Enough of theatrical socialism

Bernie Sanders’ socialism is the New Deal, re-booted. The New Deal was important, and needs to be re-booted, but it was socialist only to its detractors. In an American political context that doesn’t matter, because socialism is such an exotic term that Bernie can use it as a brand. Maybe it helps him, maybe it limits him, but beyond that the label doesn’t matter.

In the UK context socialism means public ownership. Or, in the sacred words of what was until 1995 Clause Four of the Labour Party constitution, “the common ownership of the means of production, distribution and exchange, and the best obtainable system of popular administration and control of each industry or service”. That was a dead letter long before it was repealed – there was no serious thought in 1995 to bringing the whole economy into “common ownership” or “popular administration”. But back in the day, support for Clause Four was a way of delineating who was on Labour’s left, and who was not. More recently, Corbyn’s people have felt the need to distinguish themselves as socialists, but the vital and substantive things in their manifesto – raising taxes in order to rebuild public services, the Green New Deal, cracking down on tax havens, and so on – were not about ownership. The role, rhetorically, of establishing socialist bona fides was left to the nationalization of old network monopolies like rail and water.
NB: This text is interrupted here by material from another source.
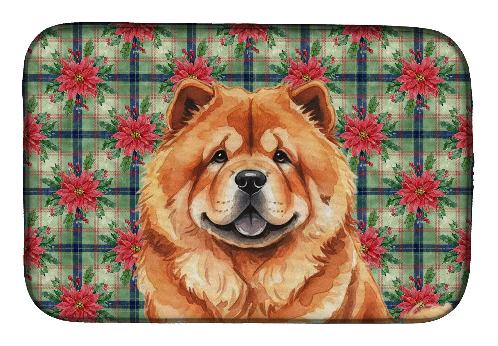 Dish Drying Mat featuring breed specific Chow Chow artwork. Celebrate Christmas with this Christmas Dish Drying Mat. Say goodbye to messy countertops and soggy dish towels with our innovative dish drying mat. Our high-quality dish drying pad is designed to keep your countertops dry while offering a stylish and efficient solution. Whether you're air drying dishes, glasses, stemware, silverware, pots, pans, bottles, or even fruits and vegetables, our dish mat is the perfect choice. The 14 inches x 22 inches size fits most counters and dish drying racks, and the non-slip design ensures stability. Made with water-absorbent polyester and a polyurethane foam insert, our dish drying mat is not only functional but also durable. It's machine washable and printed in the USA for long-lasting use. The beautiful artwork adds flair to your kitchen decor, making it a perfect housewarming gift or present for any occasion. Upgrade your kitchen experience with our absorbent and versatile dish drying mat.

This was sad, for three reasons.

One is that saying you’re a socialist because you’re going to nationalize the water company is like saying you’re a socialist because you support public ownership of streets. Publicly owned network monopolies are common in capitalist economies.

Second, if you want a 21st century political program dealing with network monopolies it should focus on the ones that lock down parts of the Web (Google, Facebook, Amazon, Apple, and a thousand mini-me companies in their niches,) or lock down software user communities (e.g. Microsoft and those who use word processing). They’ve killed journalism and they, in effect, tax every small business, every consumer, in the world. Banks take money from businesses in other sectors and pump it into wanna-be monopoly startups. All that means taking money from Newcastle and investing it in London and the Silicon Valley. It’s a big factor in our world of high wages for a few and low ones for the many. This is a hard problem to deal with – and, notably, won’t be dealt with at the UK level, you really need Brussels to crack it – and it is hard to explain. Water, railroads? We need them, they’re easy to understand, but radical? Meh. (In America, Warren does the best job of bringing people along on the problem of modern monopoly, without needing the S-word.)

Third, and saddest, is that the Corbyn tendency’s need to distinguish itself as socialist has a fundamentally sectarian purpose. In their hands, at the Parliamentary level at least, that identity has been bound up with an unwillingness to work with others – either within Labour or in other parties – to develop a common program for government or for Europe. Corbyn’s presence as leader has a similar function – he hasn’t done much leading, but his evident inflexibility serves the purpose of declaring no compromise.

The troubling thing about political triangulators like Bill Clinton or Tony Blair is that it always looks, from here on the outside, as if they’ve given away the store before negotiations begin (and, indeed, with both of them, the world of finance had first and last say). The trouble with those like Corbyn, who demonstrate their principles by not forming coalitions, is that they never govern at all. Our Scylla and Charybdis.

We could have had an interim government with Labour’s Margaret Beckett as prime minister, sorting out a second Brexit referendum and clearing the air about the legality of the first, in preparation for a general election next year. But an interim government would have required developing cooperative working relationships across parties and across Labour’s own tendencies. Any such relationships would have been a threat to Corbyn’s coterie; and, in the light shed by a functioning interim government, the uselessness of Corbyn as leader would have been clear. So the interim government was vetoed (rather, made conditional on its being headed by Corbyn who, both because of his leadership style and as one aspiring to keep the job, was obviously not an acceptable choice for the interim role). Instead we got a winter election, and now look forward to five years of Johnson, with what damage to the planet, to Europe, and to the people of Britain it is too easy to imagine. But (was this the inevitable endpoint of any course of action?) the uselessness of Corbyn as leader has been made clear.